◆ Task to complete
What's required is a verbatim printout of all the data.
┌─ Recorded data
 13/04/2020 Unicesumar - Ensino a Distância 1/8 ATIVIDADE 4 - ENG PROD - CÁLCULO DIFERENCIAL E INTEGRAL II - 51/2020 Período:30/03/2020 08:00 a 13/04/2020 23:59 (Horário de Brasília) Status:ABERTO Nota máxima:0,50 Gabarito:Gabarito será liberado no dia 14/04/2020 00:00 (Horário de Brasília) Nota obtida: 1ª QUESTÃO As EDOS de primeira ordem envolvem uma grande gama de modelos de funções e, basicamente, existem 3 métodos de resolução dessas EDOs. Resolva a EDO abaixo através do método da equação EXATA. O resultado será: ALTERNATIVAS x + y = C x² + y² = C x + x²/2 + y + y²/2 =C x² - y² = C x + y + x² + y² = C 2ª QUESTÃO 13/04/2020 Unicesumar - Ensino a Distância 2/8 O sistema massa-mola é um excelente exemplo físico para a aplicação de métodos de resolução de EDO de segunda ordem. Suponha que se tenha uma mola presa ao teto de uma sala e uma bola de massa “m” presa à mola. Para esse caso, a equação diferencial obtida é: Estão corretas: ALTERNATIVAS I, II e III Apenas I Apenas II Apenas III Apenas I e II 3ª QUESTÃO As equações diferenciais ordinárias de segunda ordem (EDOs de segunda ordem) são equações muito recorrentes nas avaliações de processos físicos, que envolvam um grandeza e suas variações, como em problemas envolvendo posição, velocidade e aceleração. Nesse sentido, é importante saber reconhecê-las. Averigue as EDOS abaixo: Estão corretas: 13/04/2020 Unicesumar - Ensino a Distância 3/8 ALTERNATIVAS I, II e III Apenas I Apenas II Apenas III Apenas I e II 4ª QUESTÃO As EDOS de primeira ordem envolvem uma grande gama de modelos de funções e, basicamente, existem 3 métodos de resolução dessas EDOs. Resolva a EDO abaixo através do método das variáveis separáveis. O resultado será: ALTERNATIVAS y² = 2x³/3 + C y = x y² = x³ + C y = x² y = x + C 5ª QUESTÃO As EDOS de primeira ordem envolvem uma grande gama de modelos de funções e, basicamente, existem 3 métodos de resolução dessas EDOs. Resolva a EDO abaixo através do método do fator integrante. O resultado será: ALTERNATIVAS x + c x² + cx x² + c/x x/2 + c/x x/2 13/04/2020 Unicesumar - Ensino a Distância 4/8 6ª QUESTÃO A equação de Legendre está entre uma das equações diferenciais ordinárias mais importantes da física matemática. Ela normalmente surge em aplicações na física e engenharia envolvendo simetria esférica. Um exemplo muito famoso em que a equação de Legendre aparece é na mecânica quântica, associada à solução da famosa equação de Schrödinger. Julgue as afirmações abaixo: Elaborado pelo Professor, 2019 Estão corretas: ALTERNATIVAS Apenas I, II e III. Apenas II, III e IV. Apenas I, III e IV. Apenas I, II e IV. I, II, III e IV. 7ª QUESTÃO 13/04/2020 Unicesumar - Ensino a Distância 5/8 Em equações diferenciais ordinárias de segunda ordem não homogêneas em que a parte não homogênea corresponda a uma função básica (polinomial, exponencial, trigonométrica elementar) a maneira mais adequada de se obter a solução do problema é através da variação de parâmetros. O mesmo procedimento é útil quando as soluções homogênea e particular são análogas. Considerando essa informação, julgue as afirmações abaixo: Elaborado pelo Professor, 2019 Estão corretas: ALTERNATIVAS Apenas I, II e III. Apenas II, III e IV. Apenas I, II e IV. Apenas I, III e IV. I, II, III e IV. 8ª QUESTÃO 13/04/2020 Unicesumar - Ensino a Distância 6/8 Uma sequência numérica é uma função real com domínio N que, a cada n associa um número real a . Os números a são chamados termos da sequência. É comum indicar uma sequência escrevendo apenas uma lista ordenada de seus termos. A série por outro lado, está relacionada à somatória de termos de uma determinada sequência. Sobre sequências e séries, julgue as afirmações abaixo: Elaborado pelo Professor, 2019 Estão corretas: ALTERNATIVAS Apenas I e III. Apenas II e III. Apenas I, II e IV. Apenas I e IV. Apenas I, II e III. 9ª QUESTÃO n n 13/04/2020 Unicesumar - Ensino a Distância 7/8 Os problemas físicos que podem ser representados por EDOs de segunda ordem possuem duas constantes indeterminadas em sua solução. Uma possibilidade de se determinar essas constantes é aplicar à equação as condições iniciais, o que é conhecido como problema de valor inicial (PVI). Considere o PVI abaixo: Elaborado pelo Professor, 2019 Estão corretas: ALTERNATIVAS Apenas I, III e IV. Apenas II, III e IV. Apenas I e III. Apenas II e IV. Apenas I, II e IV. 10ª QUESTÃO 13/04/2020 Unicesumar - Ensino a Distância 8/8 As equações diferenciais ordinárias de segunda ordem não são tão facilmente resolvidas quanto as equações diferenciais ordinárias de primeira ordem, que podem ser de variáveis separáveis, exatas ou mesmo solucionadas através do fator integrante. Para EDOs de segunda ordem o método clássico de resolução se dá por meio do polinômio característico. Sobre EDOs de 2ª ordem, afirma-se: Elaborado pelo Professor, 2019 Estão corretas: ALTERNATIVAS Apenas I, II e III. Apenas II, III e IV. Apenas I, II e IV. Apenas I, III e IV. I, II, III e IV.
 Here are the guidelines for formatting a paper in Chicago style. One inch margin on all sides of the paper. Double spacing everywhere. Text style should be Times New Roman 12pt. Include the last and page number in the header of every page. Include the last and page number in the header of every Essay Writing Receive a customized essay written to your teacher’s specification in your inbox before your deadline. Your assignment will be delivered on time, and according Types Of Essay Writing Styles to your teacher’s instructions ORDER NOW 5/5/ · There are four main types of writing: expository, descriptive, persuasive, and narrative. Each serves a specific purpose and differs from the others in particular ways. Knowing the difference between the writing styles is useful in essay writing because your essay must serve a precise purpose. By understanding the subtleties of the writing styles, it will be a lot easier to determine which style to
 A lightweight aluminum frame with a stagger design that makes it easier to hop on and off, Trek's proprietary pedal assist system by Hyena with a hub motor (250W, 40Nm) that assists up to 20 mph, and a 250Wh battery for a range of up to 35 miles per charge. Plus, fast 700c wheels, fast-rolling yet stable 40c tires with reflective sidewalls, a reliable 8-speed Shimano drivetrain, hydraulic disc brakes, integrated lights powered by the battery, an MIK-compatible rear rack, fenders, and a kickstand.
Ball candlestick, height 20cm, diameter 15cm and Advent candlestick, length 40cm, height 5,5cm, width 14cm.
└─
◆ Solved problem
 13/04/2020 Unicesumar - Ensino a Distância 1/8 ATIVIDADE 4 - ENG PROD - CÁLCULO DIFERENCIAL E INTEGRAL II - 51/2020 Período:30/03/2020 08:00 a 13/04/2020 23:59 (Horário de Brasília) Status:ABERTO Nota máxima:0,50 Gabarito:Gabarito será liberado no dia 14/04/2020 00:00 (Horário de Brasília) Nota obtida: 1ª QUESTÃO As EDOS de primeira ordem envolvem uma grande gama de modelos de funções e, basicamente, existem 3 métodos de resolução dessas EDOs. Resolva a EDO abaixo através do método da equação EXATA. O resultado será: ALTERNATIVAS x + y = C x² + y² = C x + x²/2 + y + y²/2 =C x² - y² = C x + y + x² + y² = C 2ª QUESTÃO 13/04/2020 Unicesumar - Ensino a Distância 2/8 O sistema massa-mola é um excelente exemplo físico para a aplicação de métodos de resolução de EDO de segunda ordem. Suponha que se tenha uma mola presa ao teto de uma sala e uma bola de massa “m” presa à mola. Para esse caso, a equação diferencial obtida é: Estão corretas: ALTERNATIVAS I, II e III Apenas I Apenas II Apenas III Apenas I e II 3ª QUESTÃO As equações diferenciais ordinárias de segunda ordem (EDOs de segunda ordem) são equações muito recorrentes nas avaliações de processos físicos, que envolvam um grandeza e suas variações, como em problemas envolvendo posição, velocidade e aceleração. Nesse sentido, é importante saber reconhecê-las. Averigue as EDOS abaixo: Estão corretas: 13/04/2020 Unicesumar - Ensino a Distância 3/8 ALTERNATIVAS I, II e III Apenas I Apenas II Apenas III Apenas I e II 4ª QUESTÃO As EDOS de primeira ordem envolvem uma grande gama de modelos de funções e, basicamente, existem 3 métodos de resolução dessas EDOs. Resolva a EDO abaixo através do método das variáveis separáveis. O resultado será: ALTERNATIVAS y² = 2x³/3 + C y = x y² = x³ + C y = x² y = x + C 5ª QUESTÃO As EDOS de primeira ordem envolvem uma grande gama de modelos de funções e, basicamente, existem 3 métodos de resolução dessas EDOs. Resolva a EDO abaixo através do método do fator integrante. O resultado será: ALTERNATIVAS x + c x² + cx x² + c/x x/2 + c/x x/2 13/04/2020 Unicesumar - Ensino a Distância 4/8 6ª QUESTÃO A equação de Legendre está entre uma das equações diferenciais ordinárias mais importantes da física matemática. Ela normalmente surge em aplicações na física e engenharia envolvendo simetria esférica. Um exemplo muito famoso em que a equação de Legendre aparece é na mecânica quântica, associada à solução da famosa equação de Schrödinger. Julgue as afirmações abaixo: Elaborado pelo Professor, 2019 Estão corretas: ALTERNATIVAS Apenas I, II e III. Apenas II, III e IV. Apenas I, III e IV. Apenas I, II e IV. I, II, III e IV. 7ª QUESTÃO 13/04/2020 Unicesumar - Ensino a Distância 5/8 Em equações diferenciais ordinárias de segunda ordem não homogêneas em que a parte não homogênea corresponda a uma função básica (polinomial, exponencial, trigonométrica elementar) a maneira mais adequada de se obter a solução do problema é através da variação de parâmetros. O mesmo procedimento é útil quando as soluções homogênea e particular são análogas. Considerando essa informação, julgue as afirmações abaixo: Elaborado pelo Professor, 2019 Estão corretas: ALTERNATIVAS Apenas I, II e III. Apenas II, III e IV. Apenas I, II e IV. Apenas I, III e IV. I, II, III e IV. 8ª QUESTÃO 13/04/2020 Unicesumar - Ensino a Distância 6/8 Uma sequência numérica é uma função real com domínio N que, a cada n associa um número real a . Os números a são chamados termos da sequência. É comum indicar uma sequência escrevendo apenas uma lista ordenada de seus termos. A série por outro lado, está relacionada à somatória de termos de uma determinada sequência. Sobre sequências e séries, julgue as afirmações abaixo: Elaborado pelo Professor, 2019 Estão corretas: ALTERNATIVAS Apenas I e III. Apenas II e III. Apenas I, II e IV. Apenas I e IV. Apenas I, II e III. 9ª QUESTÃO n n 13/04/2020 Unicesumar - Ensino a Distância 7/8 Os problemas físicos que podem ser representados por EDOs de segunda ordem possuem duas constantes indeterminadas em sua solução. Uma possibilidade de se determinar essas constantes é aplicar à equação as condições iniciais, o que é conhecido como problema de valor inicial (PVI). Considere o PVI abaixo: Elaborado pelo Professor, 2019 Estão corretas: ALTERNATIVAS Apenas I, III e IV. Apenas II, III e IV. Apenas I e III. Apenas II e IV. Apenas I, II e IV. 10ª QUESTÃO 13/04/2020 Unicesumar - Ensino a Distância 8/8 As equações diferenciais ordinárias de segunda ordem não são tão facilmente resolvidas quanto as equações diferenciais ordinárias de primeira ordem, que podem ser de variáveis separáveis, exatas ou mesmo solucionadas através do fator integrante. Para EDOs de segunda ordem o método clássico de resolução se dá por meio do polinômio característico. Sobre EDOs de 2ª ordem, afirma-se: Elaborado pelo Professor, 2019 Estão corretas: ALTERNATIVAS Apenas I, II e III. Apenas II, III e IV. Apenas I, II e IV. Apenas I, III e IV. I, II, III e IV.
 Here are the guidelines for formatting a paper in Chicago style. One inch margin on all sides of the paper. Double spacing everywhere. Text style should be Times New Roman 12pt. Include the last and page number in the header of every page. Include the last and page number in the header of every Essay Writing Receive a customized essay written to your teacher’s specification in your inbox before your deadline. Your assignment will be delivered on time, and according Types Of Essay Writing Styles to your teacher’s instructions ORDER NOW 5/5/ · There are four main types of writing: expository, descriptive, persuasive, and narrative. Each serves a specific purpose and differs from the others in particular ways. Knowing the difference between the writing styles is useful in essay writing because your essay must serve a precise purpose. By understanding the subtleties of the writing styles, it will be a lot easier to determine which style to
 A lightweight aluminum frame with a stagger design that makes it easier to hop on and off, Trek's proprietary pedal assist system by Hyena with a hub motor (250W, 40Nm) that assists up to 20 mph, and a 250Wh battery for a range of up to 35 miles per charge. Plus, fast 700c wheels, fast-rolling yet stable 40c tires with reflective sidewalls, a reliable 8-speed Shimano drivetrain, hydraulic disc brakes, integrated lights powered by the battery, an MIK-compatible rear rack, fenders, and a kickstand.
Ball candlestick, height 20cm, diameter 15cm and Advent candlestick, length 40cm, height 5,5cm, width 14cm.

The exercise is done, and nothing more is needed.